Barlow shrugs. “Who’s to say he hasn’t already?”
It’s a chilling thought.
“Which means if he hasn’t done it already, he has something else in mind,” I say.
Barlow nods. “And Caleb is the only one who knows what that is.”
CHAPTER THIRTY-EIGHT
Caleb parks on a quiet street near town behind a car that is similar to the one he’s driving right down to the color, and climbs out. He tightens his jacket around him and blows into his hands. Octavia is staring at him through the window, the juice box in her hand. Katy is watching too. There are wisps of fog, only just a few, up high around the bulbs of the streetlights. It takes him a minute to use the pocketknife he found in the glove compartment to unscrew each plate. He puts the old ones on the other car, hoping the owner won’t immediately notice. He remembers from his old life that when you had to take something apart, or fix something, there would always be one screw that would be way too tight and the head of it would strip away, making it useless. Every two-minute job in his life that required the use of a tool became a thirty-minute ordeal.

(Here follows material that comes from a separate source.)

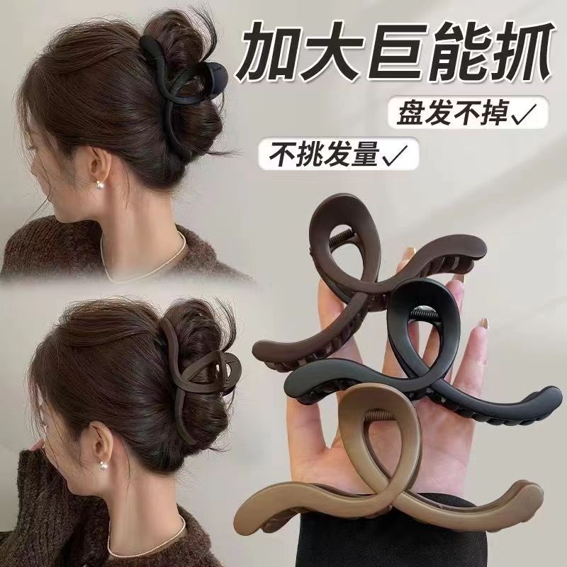 つや消し波髪クリップ女2024新高級感ヘアクリップ大後頭部気質サメクリップ頭飾り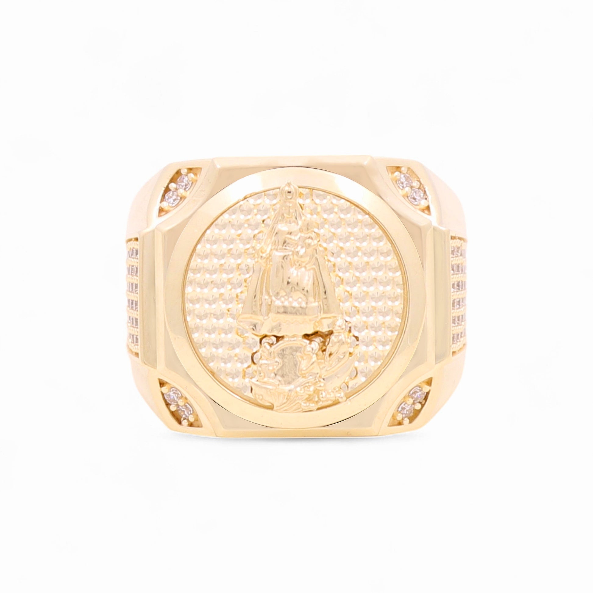 10K Yellow Gold Virgen de la Caridad Men's Ring with Cz / Size: 11 / Weight: 9.8 GR / 711-99999

But not this time. Even the two of the eight screws that are rusted come away without much effort. He’ll take that as an omen. And why not? He’s owed some good omens. The doctor stays quiet in the trunk.
He gets back into the car. This all should have been over by now. He fucked up last night. He should have paced himself, ignored that asshole from town who paid for Ariel, just gotten into his car and gone door-to-door like a salesman, selling the people responsible for all of this a death that was long overdue.
He wanted to finish it in the slaughterhouse, but the reality is he can finish it on the side of the road if he has to.
Judge Latham-if he had to choose to let one of the two slide, it would be him. The judge made a decision on the facts presented to him. He believed the defending lawyers and the doctor-he deserves to be punished, and maybe in another life that will happen.